The only downside I can see is that it takes about 30--45 minutes for new exits to show up in your local cache. An alternative would be to query the exit list yourself, download the most recent consensus, and compile a list of exit addresses yourself. But that's probably too complicated for the purpose. (A downside of that approach, however, is that you'll have to change your code once TorBEL will be deployed.)
Do you have any suggestions on the use of onionoo?
The code looks sane to me. The only improvement might be to lower ELAPSED_UPDATE_TOR_NODES_TIME to, say, 300 or 600 seconds. Onionoo updates its data once per hour, and with the current 3600 seconds you might be unlucky and download its data right before it gets updated. Given that you're sending the If-Modified-Since header, querying every 5 or 10 minutes (or even more often) is perfectly fine.
I wonder if something like the daemon exists already.
I'm not sure, but Tor2web might do something similar. From Onionoo's project page: "Tor2web is a web proxy to Tor Hidden Services. It uses Onionoo to get the list of currently running Tor Exits to detect if the client is a Tor user and if so redirect them to the .onion address."
The code looks reasonable, though I would make some changes before merging it. I want to gauge whether detection of exits is worth the additional code.
Hope this helps you decide. If you plan to use Onionoo, please let me know, so that I can put flash proxy on the list of Onionoo clients and remember to inform you of upcoming protocol changes.
Best, Karsten
On Mon, May 13, 2013 at 08:58:27AM +0200, Karsten Loesing wrote:
The only downside I can see is that it takes about 30--45 minutes for new exits to show up in your local cache. An alternative would be to query the exit list yourself, download the most recent consensus, and compile a list of exit addresses yourself.
Speaking of delays: the place that knows about new relays first is each directory authority. Not only that, but they know also what IP address the relay is exiting from, since that's where the relay publishes its descriptor from. E.g.,
@uploaded-at 2013-05-12 16:57:35 @source "173.246.102.12" router nthdimension 173.246.101.241 443 0 0 [...]
Seems like this info could provide an alternative, simpler way to generate the exit-addresses file: https://exitlist.torproject.org/exit-addresses
which if we're doing our modularity right, should be the input to the various other scripts.
I guess I should make a trac ticket of this idea. But which component? We sure seem to have a lot of projects that overlap tordnsel / torbel in some way.
--Roger
On 5/13/13 9:38 AM, Roger Dingledine wrote:
On Mon, May 13, 2013 at 08:58:27AM +0200, Karsten Loesing wrote:
The only downside I can see is that it takes about 30--45 minutes for new exits to show up in your local cache. An alternative would be to query the exit list yourself, download the most recent consensus, and compile a list of exit addresses yourself.
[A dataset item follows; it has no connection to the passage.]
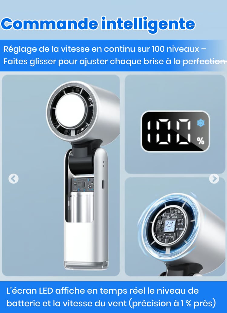 Absolument. Il offre un réglage de la vitesse en continu sur 100 niveaux, vous permettant de faire glisser pour choisir exactement la brise que vous souhaitez—fini les problèmes de vent « trop fort » ou « trop faible ».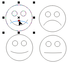 意猶未盡,再選一個笑臉圖形――隨著控制點的拖動,笑臉也在變化――簡單的幾種表情都有了!如圖6。是不是很有趣?

Speaking of delays: the place that knows about new relays first is each directory authority. Not only that, but they know also what IP address the relay is exiting from, since that's where the relay publishes its descriptor from. E.g.,
@uploaded-at 2013-05-12 16:57:35 @source "173.246.102.12" router nthdimension 173.246.101.241 443 0 0 [...]
Seems like this info could provide an alternative, simpler way to generate the exit-addresses file: https://exitlist.torproject.org/exit-addresses
which if we're doing our modularity right, should be the input to the various other scripts.
Interesting. Haven't thought of using that information. metrics-db even has this information available from gabelmoo, because it rsyncs gabelmoo's cached-* files (and v3-status-votes) once per hour. But metrics-db discards all descriptor annotations so far.
However, I don't think this information can replace the information we learn from TorDNSEL or TorBEL. Some concerns:
- Relays may exit from more than just one IP address, but the directory authorities would only see at most one of these addresses. Here's an exit list entry with two exit IP addresses:
ExitNode 49A75EE0B80C1963482FDDFCE579D1A0C568D8BB Published 2013-05-12 20:59:32 LastStatus 2013-05-12 22:02:59 ExitAddress 46.165.221.166 2013-05-12 22:03:11 ExitAddress 46.166.163.169 2013-05-12 22:03:11
- The directory authorities sometimes download descriptors they don't have from other directory authorities. In that case we don't learn the IP address that the relay exits from. Here's an example:
@downloaded-at 2013-05-12 18:50:10 @source "154.35.32.5"
- The directory authorities are indeed the first to learn these source IP addresses. But we probably don't want arbitrary services to query the authorities frequently for their cached descriptors to learn their annotations. That means we'd have to aggregate and cache this information at another place, which introduces a delay.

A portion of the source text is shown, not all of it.